John Hammond conceived of this concert as a political statement set to music:  “...the Negro people have produced some of the most amazing musicians the world has ever known,” and they deserved better than the oppression and discrimination they were subjected to.

Hammond was born on December 15, 1910 in an eight-story mansion on New York’s upper east side, an heir to the Vanderbilt fortune. As a child he discovered a Columbia Grafanola in the servant’s quarters, and by the age of 12 was collecting recordings of “early Negro and country artists.” His grandmother had a player piano and he also began collecting jazz rolls. At the age of 17 he snuck up to Harlem to hear Bessie Smith, telling his parents he had to go out to play string quartets. For the rest of his high school days he inhabited the Harlem clubs, frequently the only white face in the room.

While a student at Yale Hammond returned to New York on weekends and spent his nights in Harlem.

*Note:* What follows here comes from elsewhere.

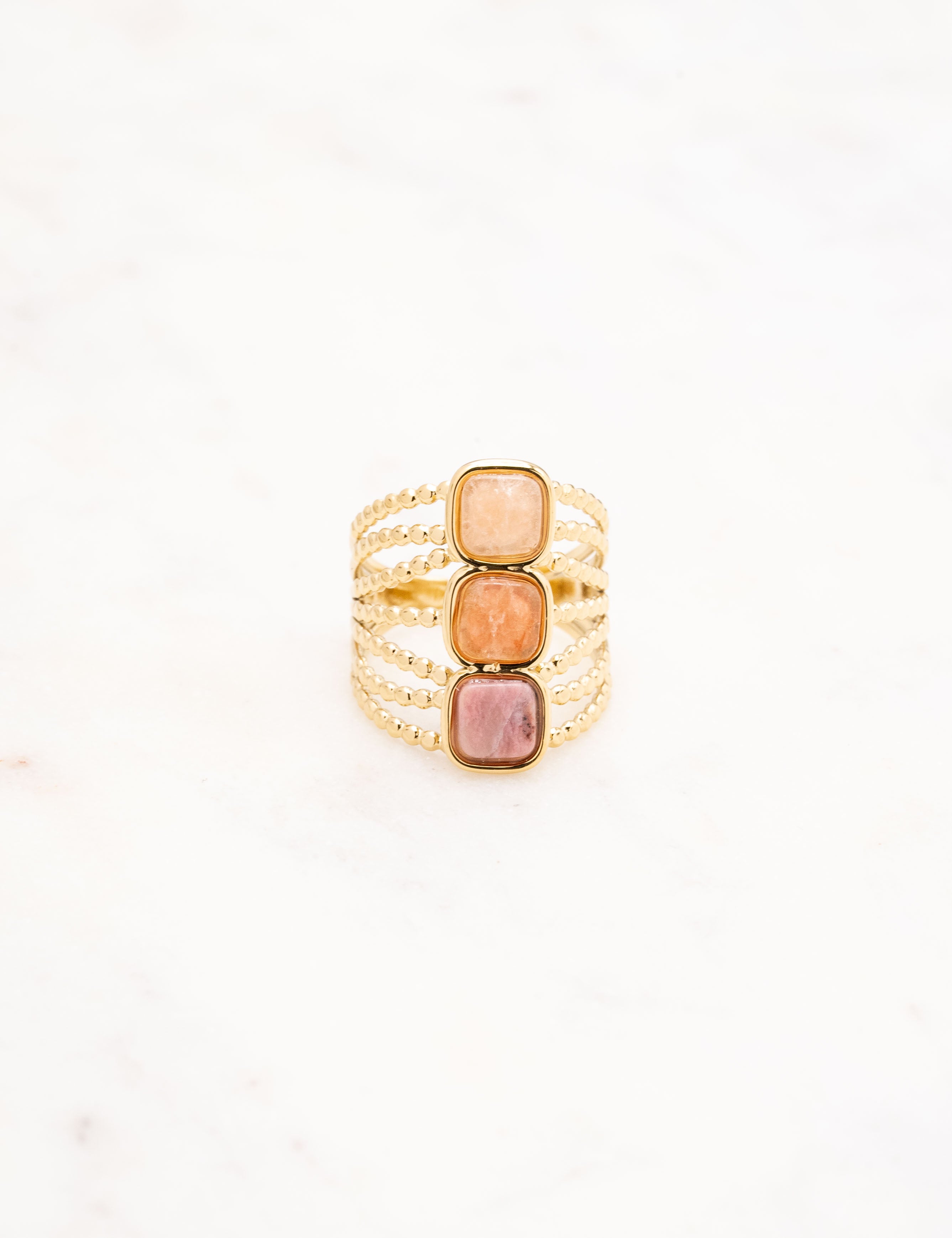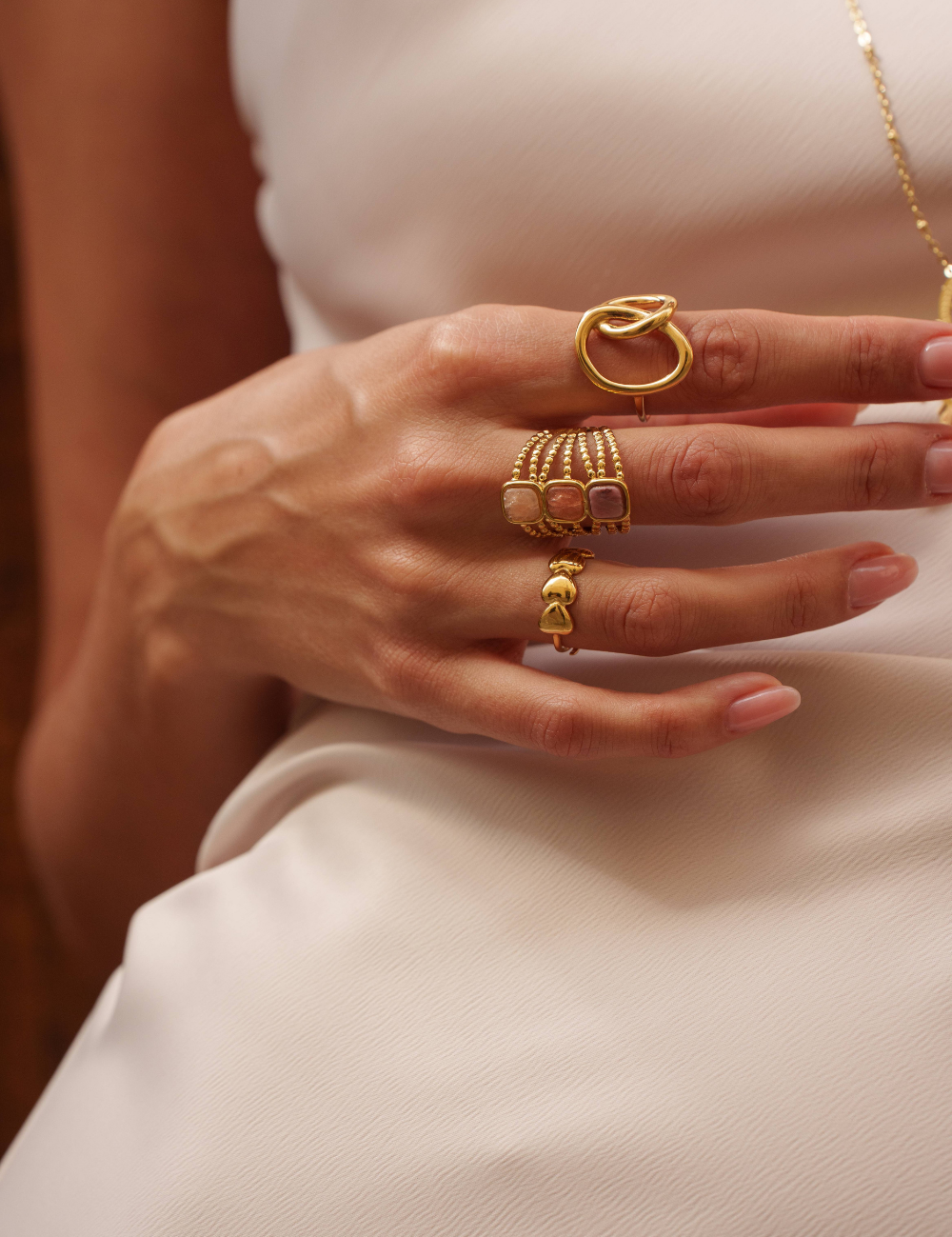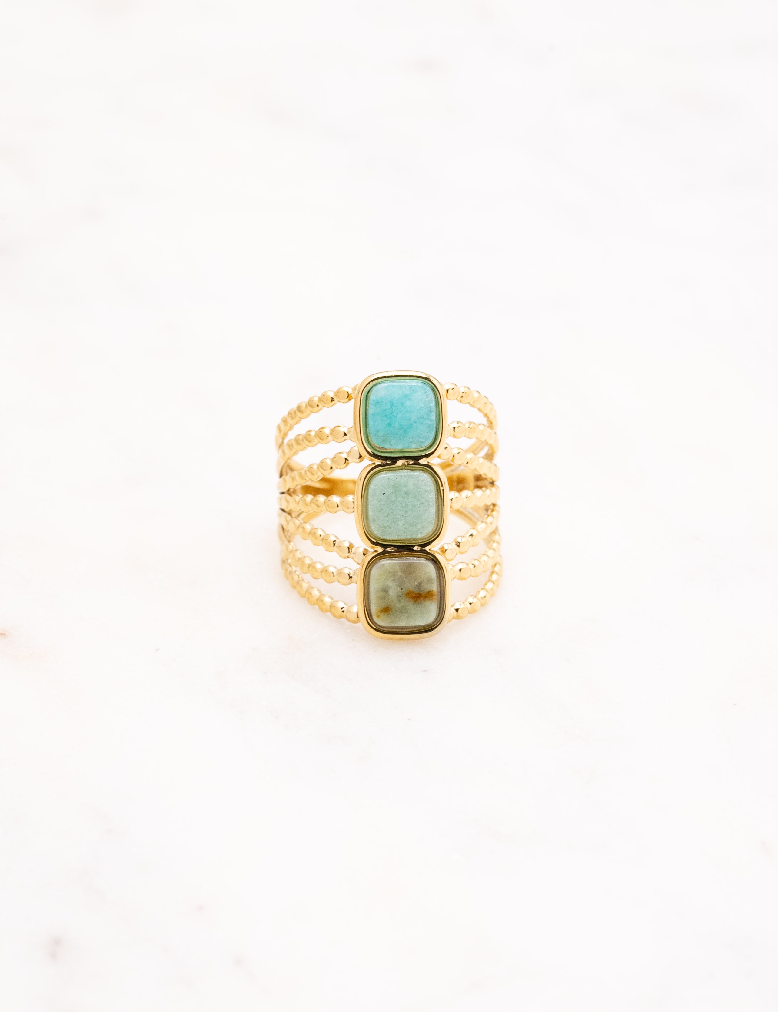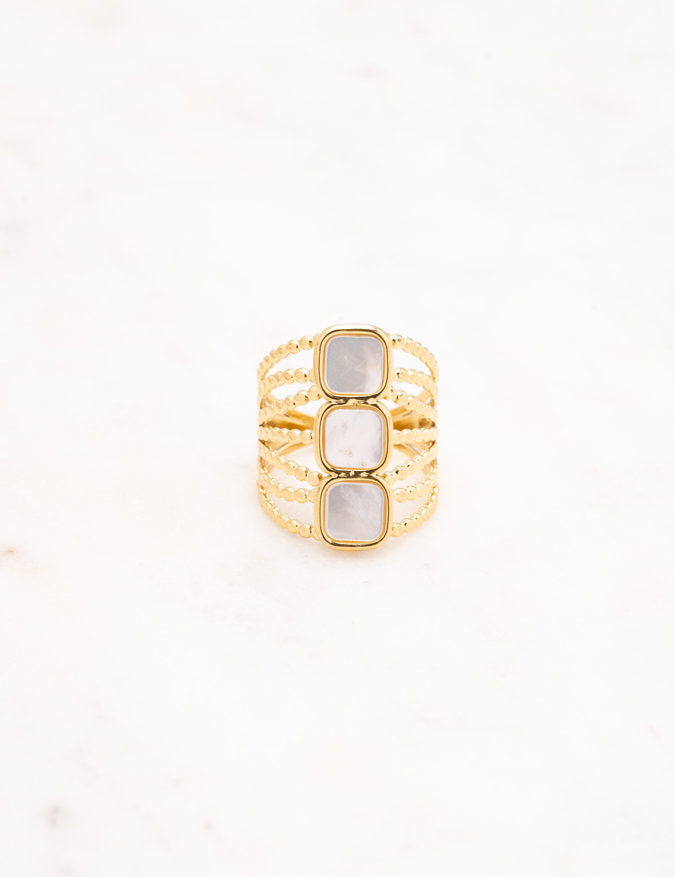 Bague graphique ajustable multi-rangs effet canelé ornée de pierres naturelles.
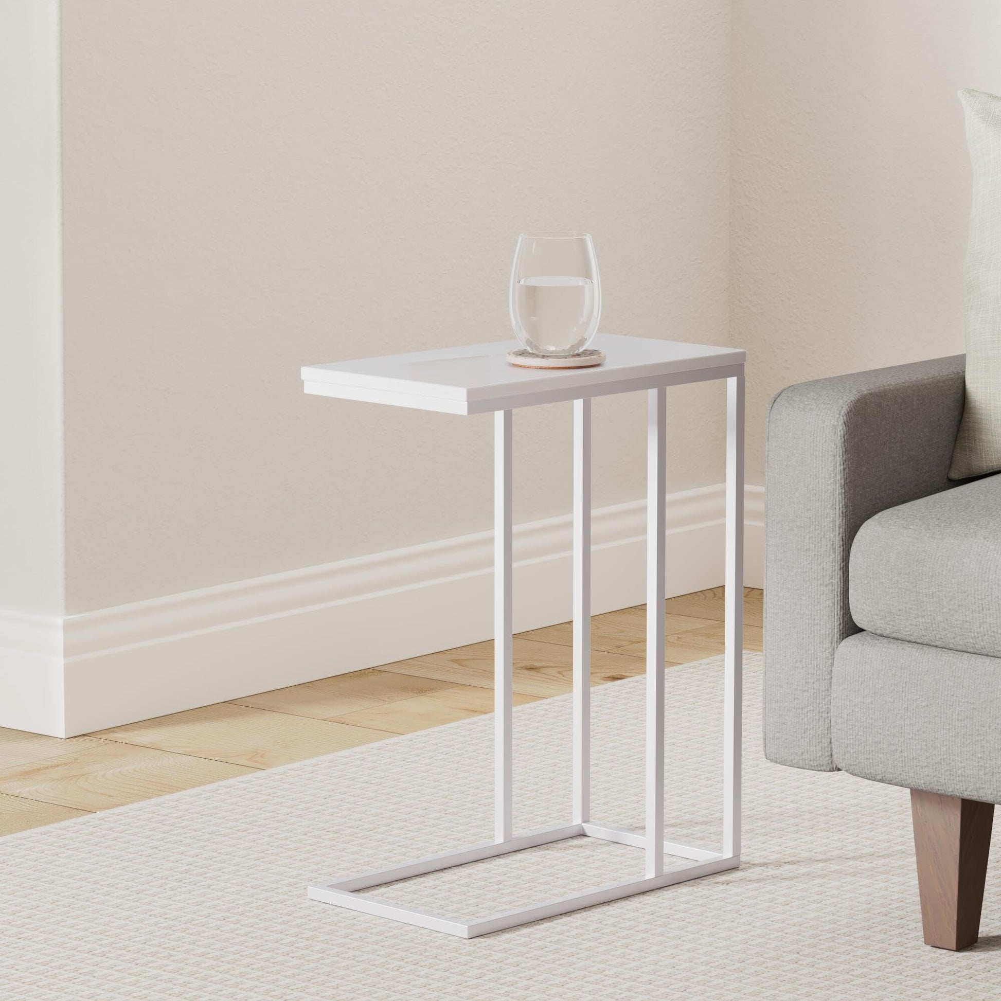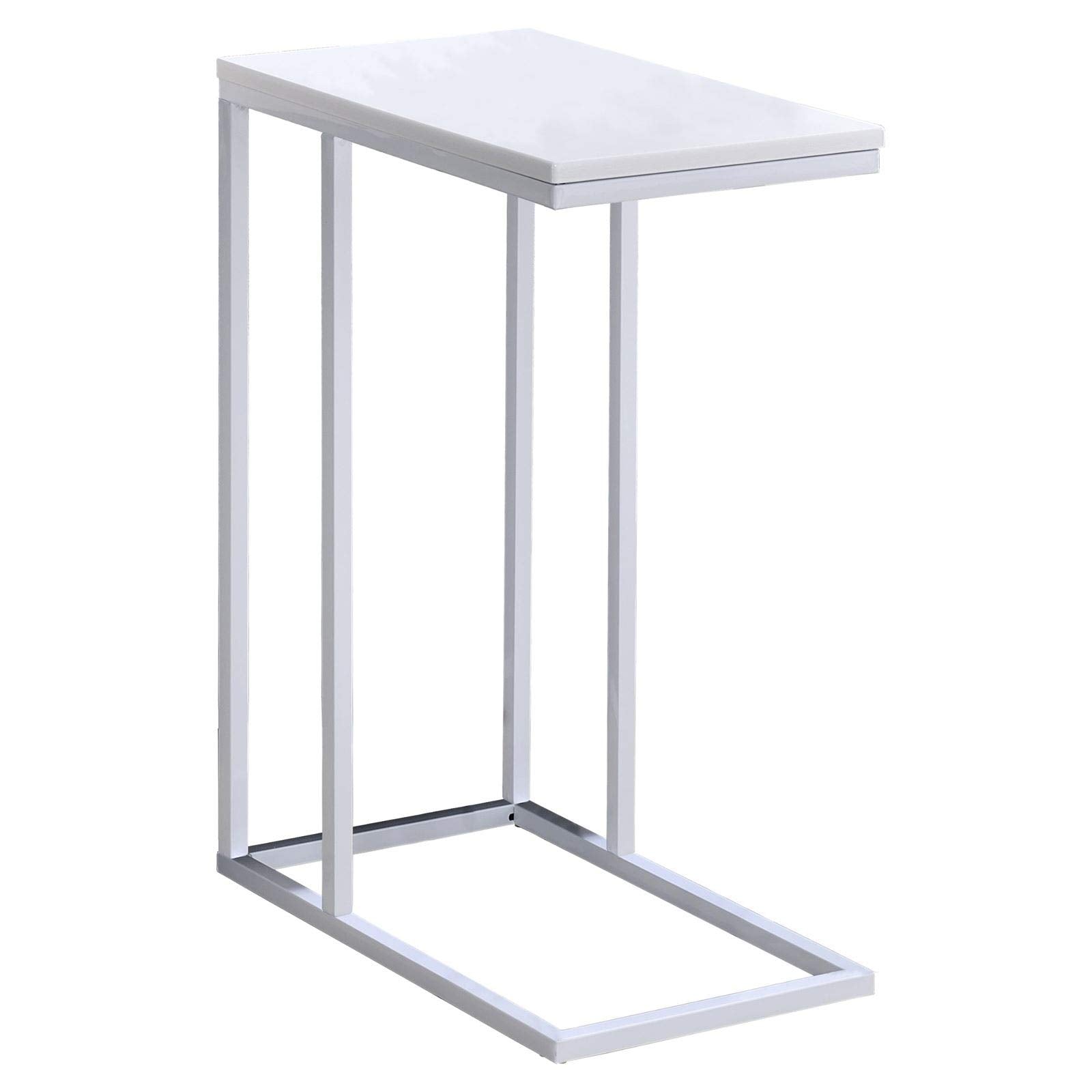 Side table Debora, practical living room table in C-shape, lovely coffee table with rectangular white tabletop, elegant sofa table with white metal frame.

During his sophomore year a recurrence of jaundice forced him to drop out, but by then Hammond had determined that he wanted a career in the music business.

His father sent him to “The Millionaire’s Club” in Georgia to recuperate. As Hammond says in his autobiography, “I returned to New York physically recovered and emotionally enraged. The habit of discrimination was so encrusted by centuries of acceptance that both black and white knew no other way to act. I had walked through my first southern Nigger town, the son of the president of a private club for millionaires, many of them Southern, all of them white and Protestant. To know better was no longer enough. I had to do something.”

For Hammond doing something meant promoting the artists and music he loved. As an independently wealthy man he was able to pursue his passion as he saw fit. As a young man he wrote about jazz for music magazines, invested in concerts, produced his first records, and hosted the first ever radio program devoted to jazz. He traveled the country by car, seeking out new talent.

At the center of his vision was a concert that would “bring together for the first time, before a musically sophisticated audience, Negro music from its raw beginnings to the latest jazz,” but it took years to find a sponsor that would underwrite the talent search and Carnegie Hall production. In early 1938, the Marxist publication, “New Masses,” agreed to sign on.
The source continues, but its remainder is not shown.